Brits to shoulder worst cost of living squeeze since 1991
Brits are set to shoulder the worst cost of living squeeze since the early 1990s, ignited by swelling energy bills and food prices compounding to spike household budgets.
This week’s higher than expected inflation reading bounced one the world’s top investment bank’s cost of living forecasts.
Wall Street titan Goldman Sachs lifted its expectations for inflation to peak at 7.2 per cent, up from 6.8 per cent.
The last time inflation in Britain was that high was in 1991.
Global supply chain breakdowns are expected to continue to ensnare the UK economy, putting further upward pressure on prices over the coming months.

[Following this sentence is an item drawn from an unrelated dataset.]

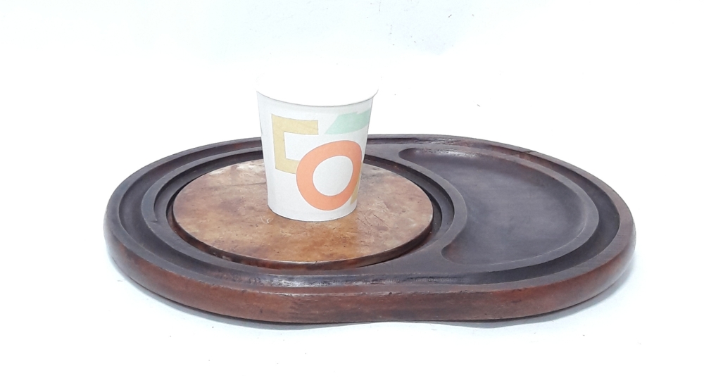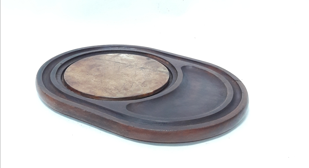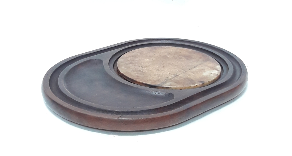 곱돌 바닥 받침이 깔린 다과 나무쟁반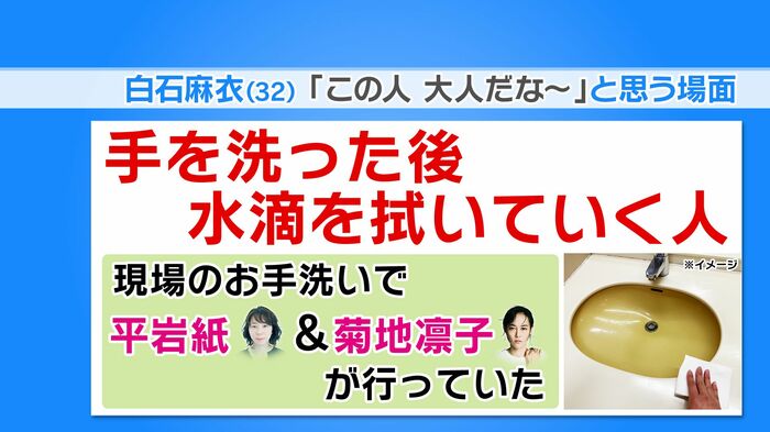 また白石さんは、「菊地凛子さんと平岩紙さんと共演したとき、手を洗った後にペーパーで周りの水滴を拭いていて、ステキだなと思った」と、エピソードを紹介。

In a sign Britain could be headed for an inflation feeding wage/price spiral, Goldman Sachs warned severe price pressures are now emanating from the services economy as a result of strong wage growth, posing a threat to significantly dialling up the cost of living.
“Stronger wage growth could pose upside risks to our forecast,” analysts at Goldman Sachs said.
The investment bank’s indicator of short-term inflation expectations has also climbed to its highest level since it started tracking the data 22 years ago.
A de-anchoring in households’ cost of living forecasts poses risk to inflation becoming baked into the UK economy in the long-term as it could prompt workers to demand higher pay, strengthening incentives for businesses to raise prices further to alleviate margin pressure.
Inflation will also be boosted by the energy watchdog hiking the cap on energy bills by as much as 50 per cent.
Brits’ budgets are already being stretched by prices for essentials climbing at historically high rates, with food and energy costs up 4.2 per cent and 24.5 per cent over the last year respectively.
Figures published by the Office for National Statistics this week painted a sobering picture of the outlook for UK households over the coming year.
Fresh jobs market data revealed real wages – which measures pay net of inflation – fell for the first time in around a year and a half, contracting 0.9 per cent over the last year.
Experts at Capital Economics, a consultancy, expect real pay to tumble 2.5 per cent.
Falling living standards in the UK has only occurred a handful of times since the financial crisis, underlining the severity of the current cost of living crisis.
Meanwhile, inflation accelerated to 5.4 per cent in December, the highest rate in recent history.
A ratcheting up in the cost of living has ignited a flurry of City economists bringing forward their bets on when the Bank of England will next hike interest rates, with most now penciling in another 15 basis point bump at the Bank’s next meeting on 3 February.
The Bank “has expressed concern at recent meetings that expectations might become de- anchored if it does nothing” to tamp down on rising prices for basic necessities by lifting rates, Samuel Tombs, chief UK economist at Pantheon Macroeconomics, said.
This week, governor Andrew Bailey stressed the Bank will do everything in its power to get inflation under control.